Space travel is not easy. Conventional fuels in rockets force an unrealistic tradeoff- long trip times with just enough fuel to put a spacecraft into a long, unpowered glide, or so much fuel for a fast trip that there is no room for payload. Fusion power would be great but it’s still not ready for prime time.
There’s a lot of energy in space however, in the form of sunlight. Collect that sunlight and convert it into electricity to power a plasma engine. Then space travel might be quite a bit faster and quite a bit cheaper.
A bored PhD student and a billionaire with time and money on his hands come together to build the first Solar Sailer, a spaceship powered by sunlight.
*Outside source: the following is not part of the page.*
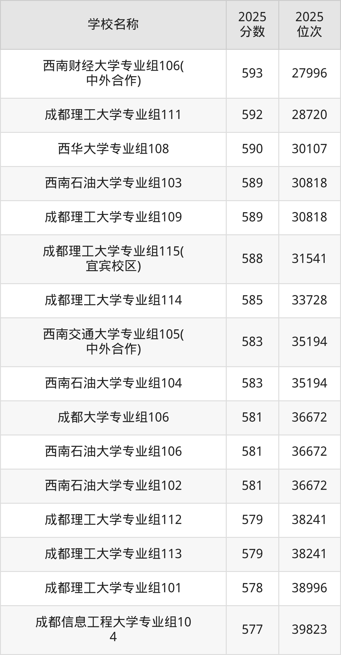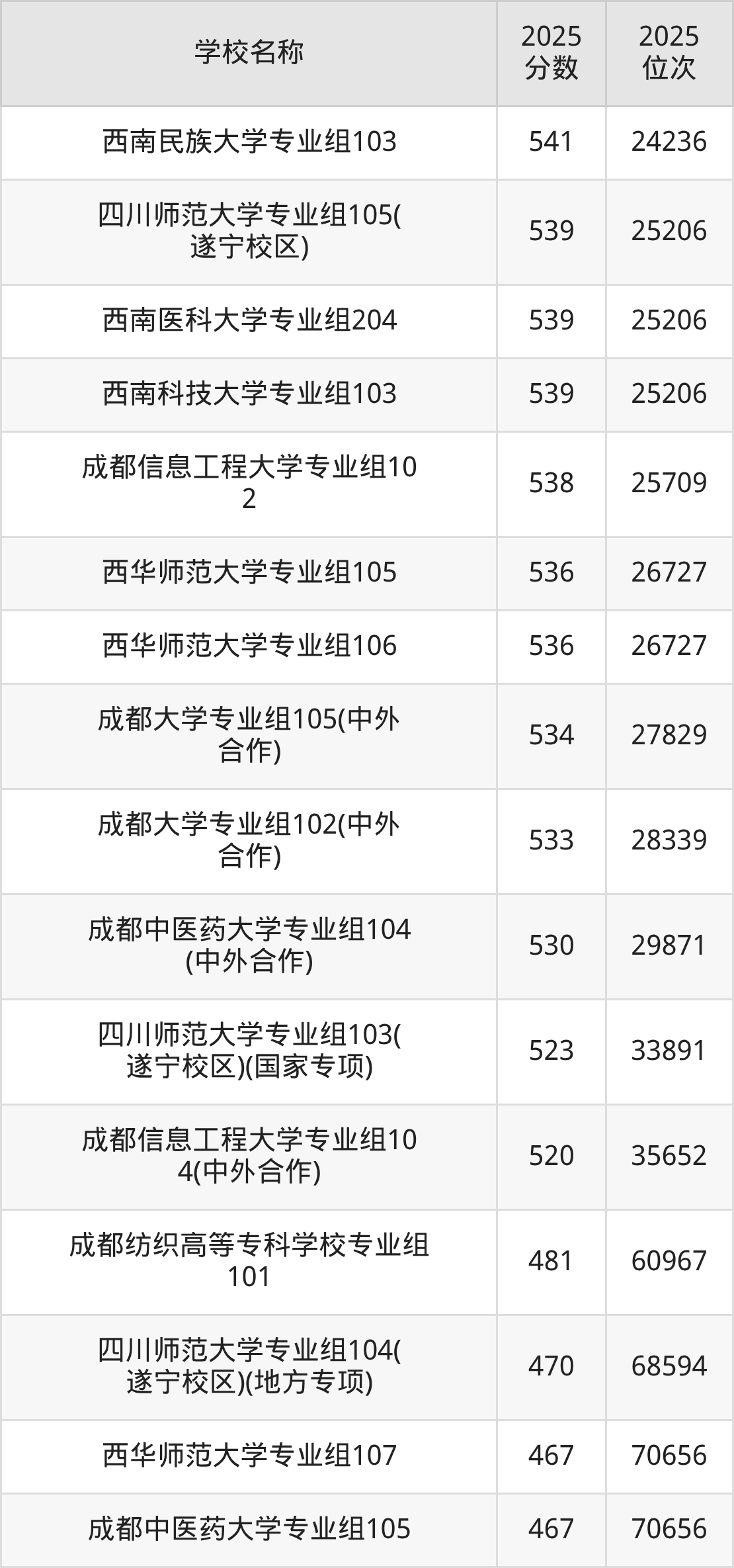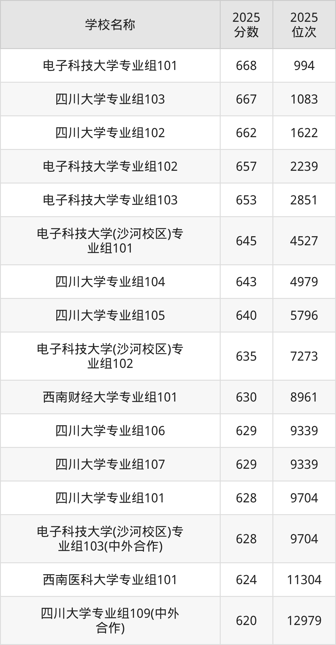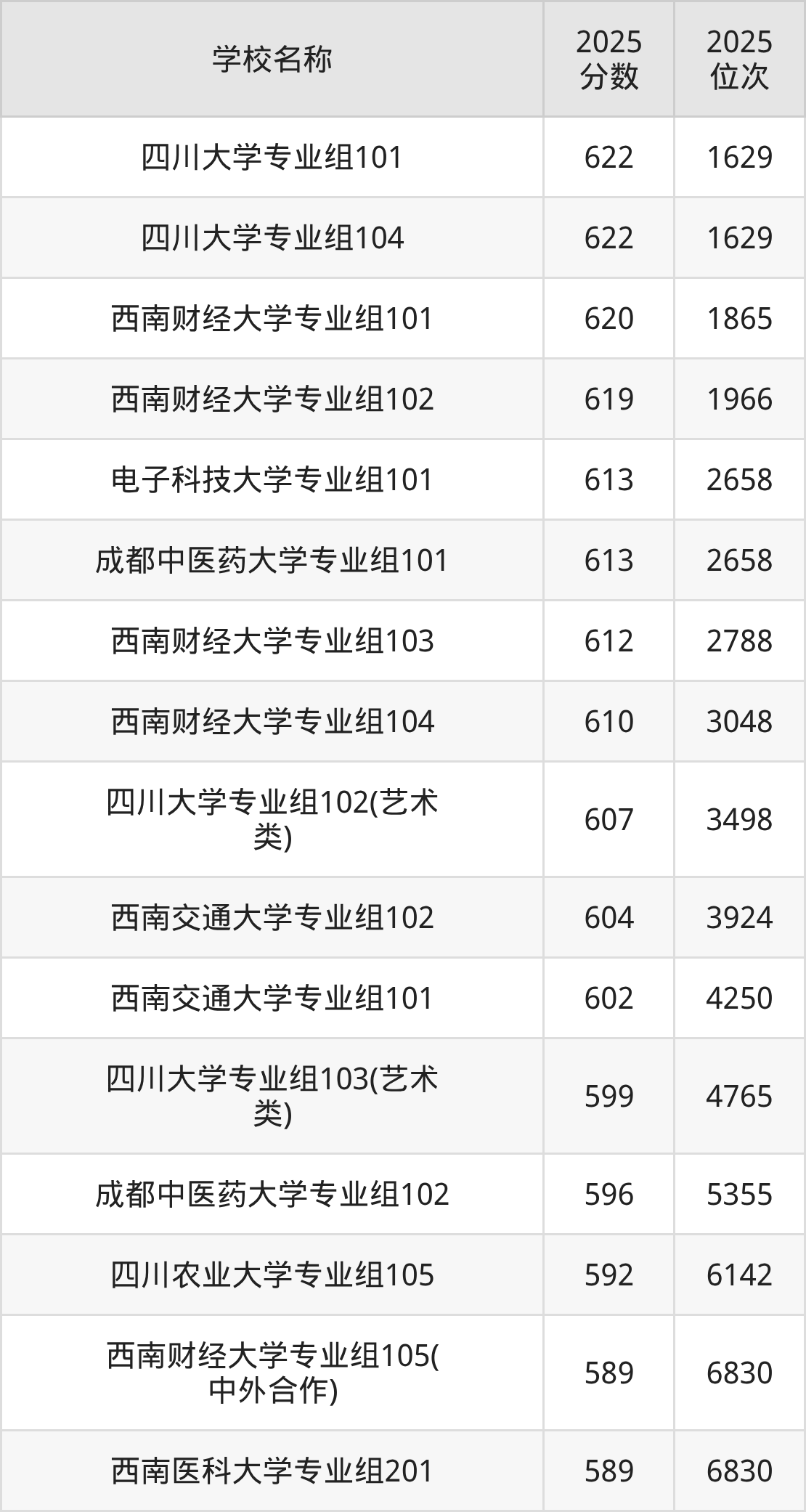 下文为2025年四川省一本大学在四川物理类录取分数线和位次排名表,供大家参考:

It’s faster than a conventional rocket, cheaper to operate, and can maneuver in space, something rockets can only do sparingly. The student does the engineering, the billionaire tackles interplanetary politics, and their ship makes it possible for mankind to build a home on the Moon.
In a bonus story titled ‘The Old Man’, Bob and his best friend are two hundred fifty years old, beneficiaries of the earliest longevity treatments and survivors of the Cyclone Decades and the global warming that nearly wiped out humanity. The bad times are almost over, though, and most of the excitement is gone. Life is getting boring and there is a minor problem with the longevity they have been given. Bob’s best friend is thinking of ending it all. Can Bob save his friend, and perhaps himself as well?